The following SHACL definitions and RDF instance demonstrate how a FooBar processor might be configured to append text to each incoming message and send the result to an output channel.

[ ] a sh:NodeShape;
  sh:targetClass :Channels;
  sh:property [
    sh:path rdfc:input ;
    sh:name "input" ;
    sh:class rdfc:Reader ;
    sh:minCount 1 ;
    sh:maxCount 1 ;
  ], [
    sh:path rdfc:output ;
    sh:name "output" ;
    sh:class rdfc:Writer ;
    sh:minCount 1 ;
    sh:maxCount 1 ;
  ].

[ ] a sh:NodeShape ;
  sh:targetClass <FooBar2> ;
  sh:property [
    sh:path :channel ;
    sh:name "channels" ;
    sh:minCount 1 ;
    sh:class :Channels ;
  ], [
    sh:path :append ;
    sh:name "append" ;
    sh:minCount 1 ;
    sh:maxCount 1 ;
    sh:datatype xsd:string ;
  ].

<foobar> a <FooBar2>;
    :channel [
        #`a :Channels` is not  required, this is implicit from the definition
        rdfc:input <channel1>;
        rdfc:output <channel2>;
    ], [
        rdfc:input <channel2>;
        rdfc:output <channel1>;
    ];
    :append " World!".

This results in the following JSON object:

{
  channels: [
        { 
            "input": { /* idiomatic input stream for channel <channel1> */ } ,
            "output": {/* idiomatic output stream for channel <channel2> */ } ,
        }, {
            "input": { /* idiomatic input stream for channel <channel2> */ } ,
            "output": {/* idiomatic output stream for channel <channel1> */ } ,
        }
  ],
  append: " World!"
}

6. RDF-Connect by Layer

Communication between the orchestrator and the runners happens using a strongly typed protocol defined in Protocol Buffers (protobuf). This enables language-independent and efficient communication across processes and machines.

The protobuf server is the orchestrator, which is the central point. The orchestrator starts all runners and notifies the runners of the different processors they should start. The orchestrator is also the message post office, allowing messages to be sent to the correct runner which will relay those messages to the correct processor.
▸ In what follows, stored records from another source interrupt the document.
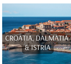
CROATIA, DALMATIA & ISTRIA
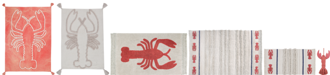
Wall hangings, rugs and door hanger from the Lobster Collection

Joy: As a loyal lobster lover and all things maritime, Lorena Canals launches a fun, marine style collection: the Lobster collection. Having grown up by the sea, Lorena Canals has turned her childhood memories into fun carpets and wall hangings, with matching baskets and door hangers, in intense red and natural tones with textures that seem sprinkled by the wind and sea water and softened by the white sand.
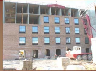
Wall Panel Erection
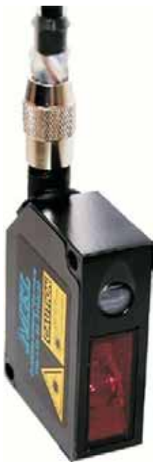
Sensor head M1 /20 /100 /200 /400 Weight 100 g

Low cost Distance measuring with Laser 100 values / s Triangulation analog
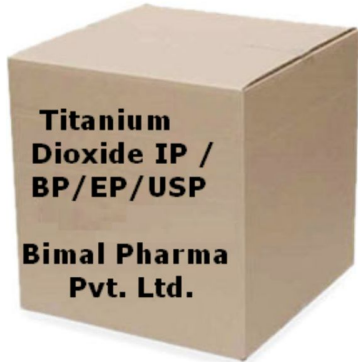
5 Kgs. Carton with PE Liner inside
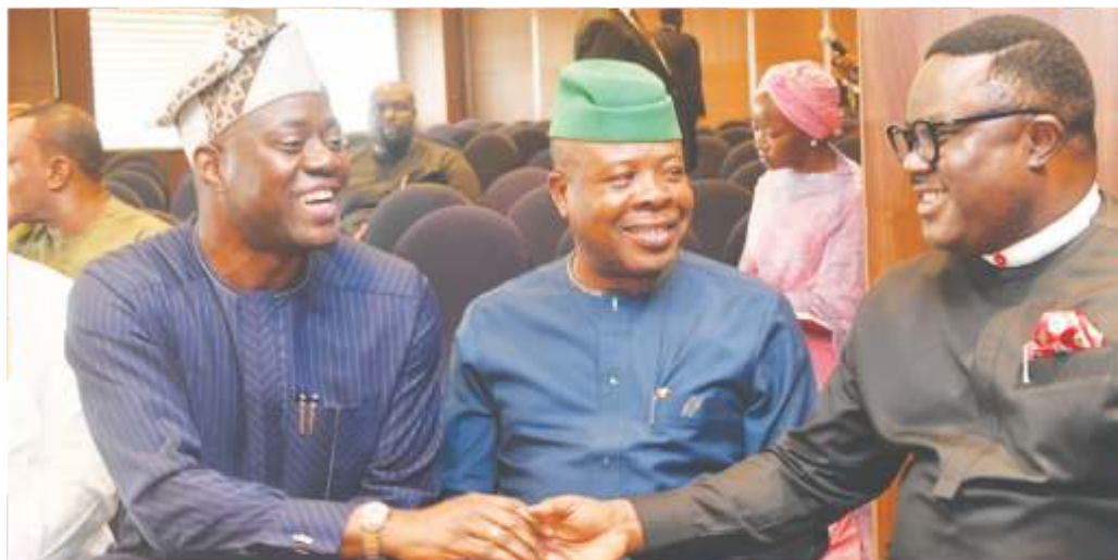
Makinde in handshake with Ayade, Ihedioha looks on.

6.1. Communication Protocol: Orchestrator ↔ Runner

RDF-Connect uses a bidirectional communication protocol based on Protocol Buffers (protobuf) for interaction between the Orchestrator and Runners. The orchestrator manages execution, while runners host and execute individual processors.

6.1.1. Messages Sent to Runners

The orchestrator can send the following messages to the runner:

RPC.pipeline: Contains the complete pipeline configuration (in Turtle syntax).
RPC.proc: Instructs the runner to register and setup a new processor.
RPC.start: Signals that all added processors should begin execution.
RPC.close: Instructs the runner to gracefully shut down and terminate all processors.
RPC.msg: Delivers a message to a specific processor. Used for normal data transfer.
RPC.streamMsg: Begins a streaming message transmission to a processor, typically for large or chunked payloads.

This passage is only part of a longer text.